### ACTIVITY
Please output exactly the lines below, starting at the line that has "Exclusive design Quality" and ending at the line that has "ミッション 排気量 |", both included; leave out all pictures and include nothing else.
━━ PROVIDED DATA ━━
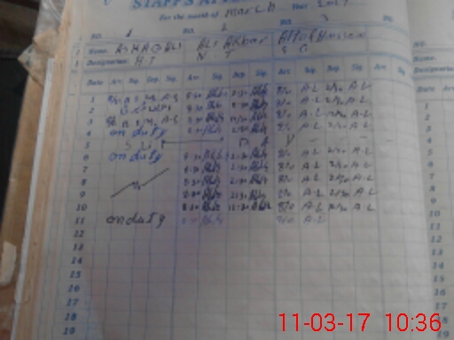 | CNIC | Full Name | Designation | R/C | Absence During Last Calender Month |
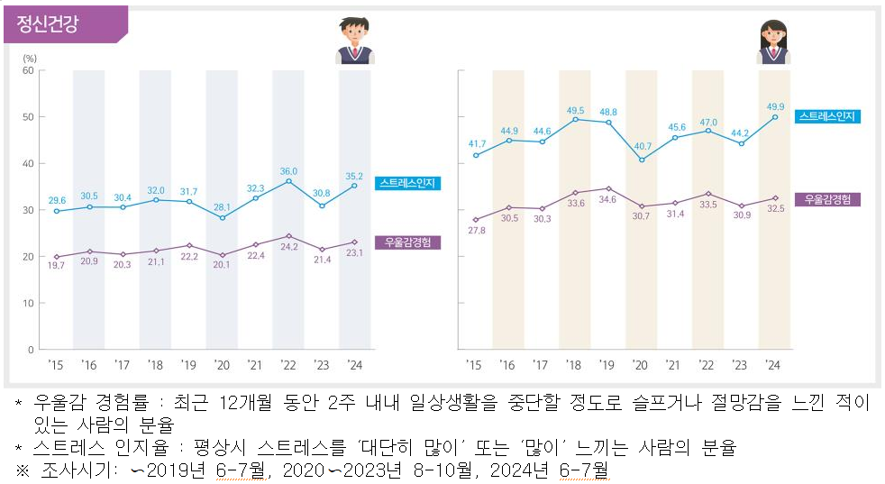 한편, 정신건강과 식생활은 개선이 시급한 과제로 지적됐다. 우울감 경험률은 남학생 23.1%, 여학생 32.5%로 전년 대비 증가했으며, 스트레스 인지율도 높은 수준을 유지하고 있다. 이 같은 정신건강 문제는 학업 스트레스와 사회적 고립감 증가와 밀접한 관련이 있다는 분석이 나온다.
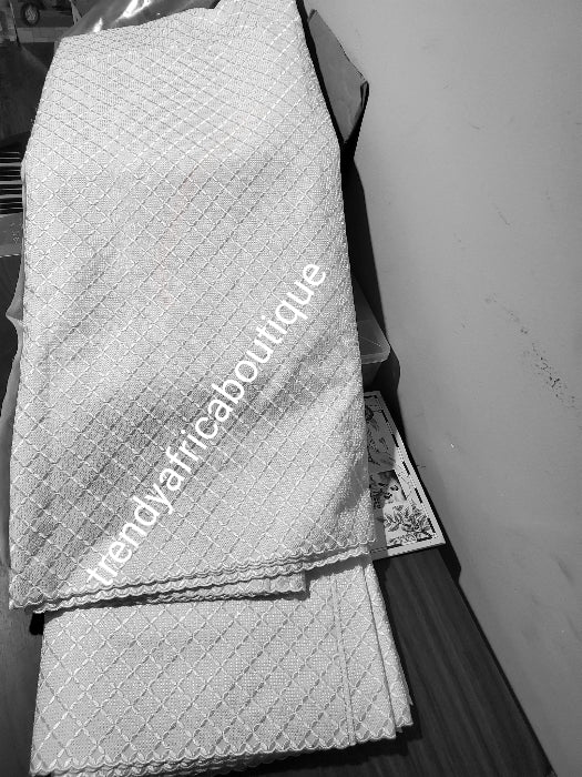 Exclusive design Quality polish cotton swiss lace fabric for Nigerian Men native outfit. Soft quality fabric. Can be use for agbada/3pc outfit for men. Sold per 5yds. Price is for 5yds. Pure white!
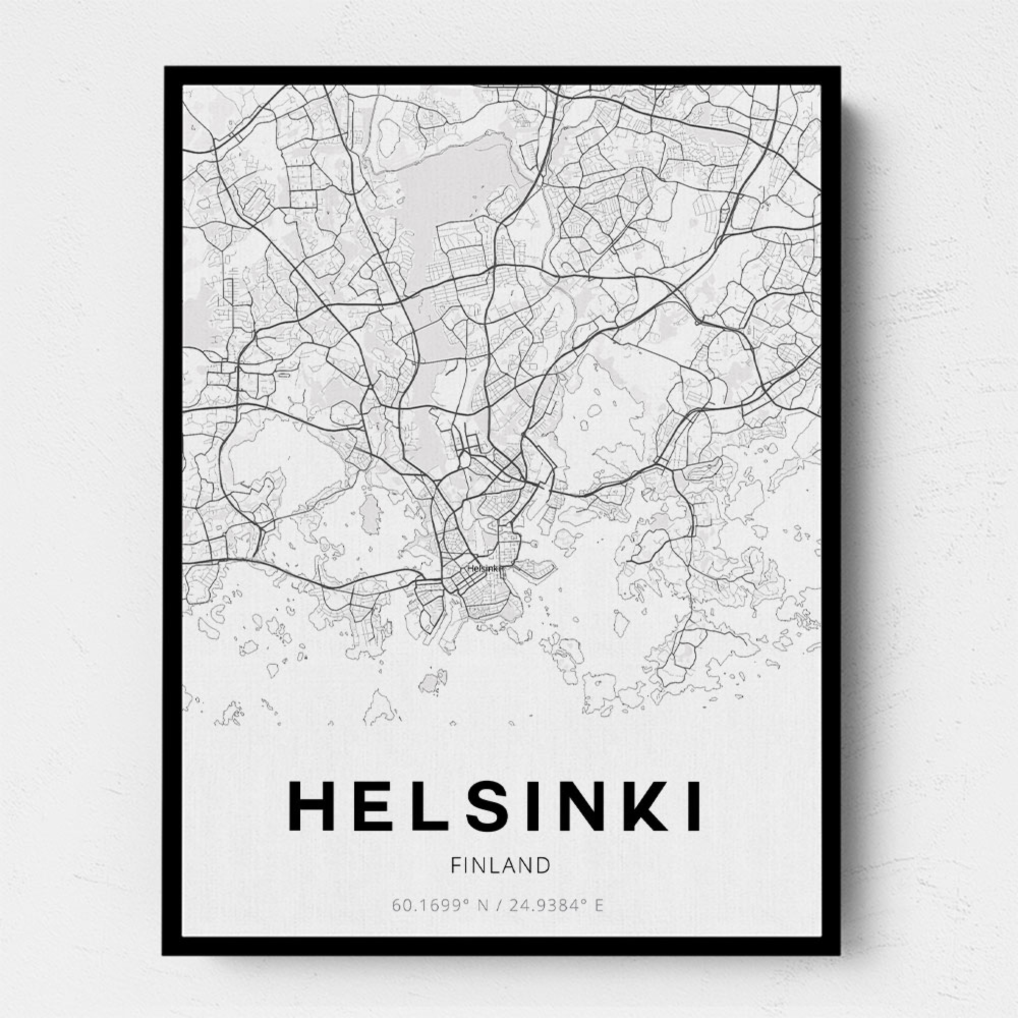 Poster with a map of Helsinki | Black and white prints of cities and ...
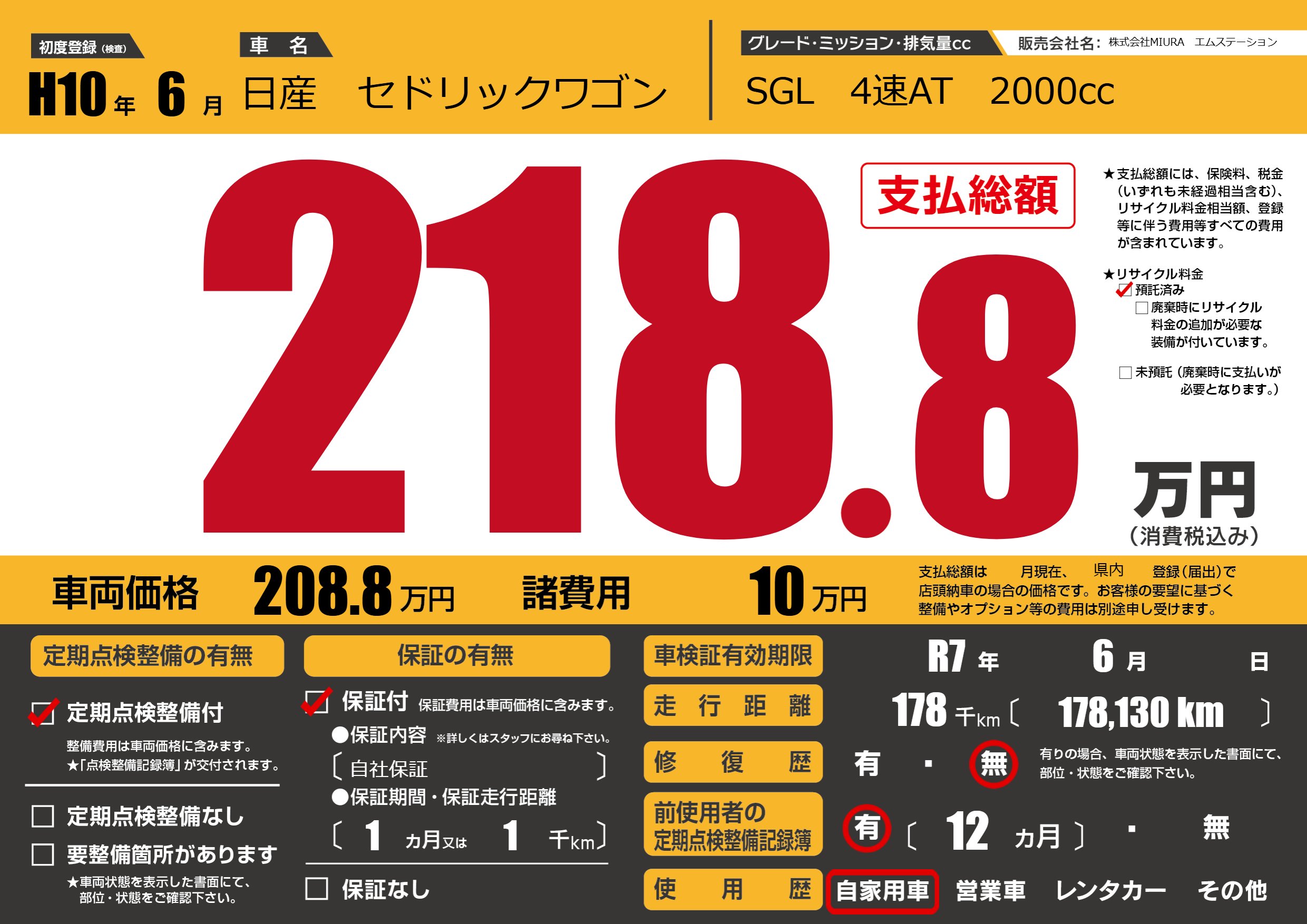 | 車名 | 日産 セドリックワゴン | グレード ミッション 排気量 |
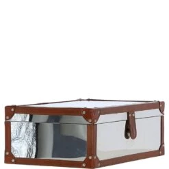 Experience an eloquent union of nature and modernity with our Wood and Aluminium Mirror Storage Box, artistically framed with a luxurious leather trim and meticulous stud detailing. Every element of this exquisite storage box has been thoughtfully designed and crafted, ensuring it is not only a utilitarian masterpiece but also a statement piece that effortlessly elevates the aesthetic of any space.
━━━
### WRITTEN ANSWER
 Exclusive design Quality polish cotton swiss lace fabric for Nigerian Men native outfit. Soft quality fabric. Can be use for agbada/3pc outfit for men. Sold per 5yds. Price is for 5yds. Pure white!
 Poster with a map of Helsinki | Black and white prints of cities and ...
 | 車名 | 日産 セドリックワゴン | グレード ミッション 排気量 |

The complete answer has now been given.